This nap lasted a couple of hours and ended with shivering and teeth rattling—thinking that this was due to just being a bit cold, I gave it 10-15 minutes before I called the nurse. Once I called the nurse, gears changed, 10 warmed blankets were added, vitals taken, doctors called, blood culture/labs were taken and the next three days would leave me bed ridden. My initial temperatures were in the 102-103 range but would peak at 104.2. The final disposition was that I received via an open sore in my mouth a strep/bacterial infection—they determined this from live cultures they grew in the lab.
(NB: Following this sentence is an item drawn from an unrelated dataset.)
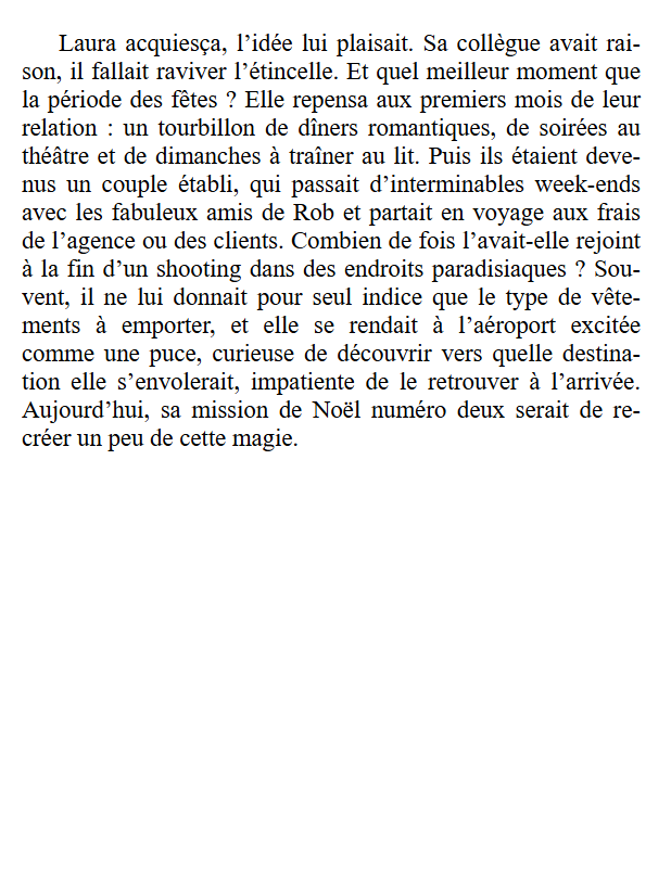 Parmi les personnages, certains incarnent parfaitement les codes des récits de noël, tout en apportant chacun une nuance différente. Laura Summers, au centre du roman, porte l’histoire avec sa sensibilité et ses failles. Une jeune femme dévouée, tiraillée entre ses certitudes et ce qu’elle n’ose pas encore affronter. À ses côtés, Rob, son petit ami, incarne le partenaire “parfait” sur le papier. Attentif, posé mais dont la vision du bonheur n’est plus tout à fait alignée avec celle de Laura.

Day 21/Sunday, 27 Jan finally brought a break in fever with sweats off and on all day, with the final break late Sunday evening. I finally left the bed, beyond bathroom breaks, for short walks and so forth on Monday.
In the time since my last entry, I have also changed/moved rooms twice, with each one better than the last. The last move occurred last evening. I now have a view over much of the City of Baltimore and a warm and inviting afternoon sun. The sun was something that I had to walk clear across the hospital campus to get a view and to bask in—a simple pleasure/feeling that I seemed to have taken advantage of. There are a lot of things in life that I seemed to have taken advantage of, now to be replaced with newer memories and with a sense of appreciation that I could have never imagined prior to cancer. Life will never be the same.
Today is Day 25/Thursday, 31 Jan. I took my first caffeine pill and today was the first day in a very long while that I do not have a headache! What a feeling! I also have been on Ambien for five nights and have had the best nights of sleep since being admitted—a full eight hours every night, with occasional wake-ups for vitals, but right back to sleep! Day 25 is the day that we should begin seeing my counts rise in the neutrophil category—the other categories, Red Blood Cells, White Blood Cells and Platelet counts are all increasing which mean that the neutrophil category should begin showing signs of increase. This increase will determine when I will and how I will be temporarily discharged (either to remain the area or allowed to return home).
The temporary discharge will be for approximately 2 weeks or more to allow all the counts to return to a level to allow for more chemotherapy, then transplant and Lord willing, the cure. Lastly, I would like to really thank my wife as she resides across the street at the Hackerman-Patz Family Pavilion, makes my breakfast (this hospital food is not for cancer patients), is here by 0800 and stays right by my side in my room, on my walks, makes lunch and dinner and leaves at 2000-2100 only to wake to “groundhog-day.” She’s my hero through this, my rock and the shoulder for me. We both pray that we get through this so that we can progress and move on to the next phase in our lives, the birth of our daughter in the latter part of May to early June of this year. She is why I fight so hard. Love to my bride and my daughter.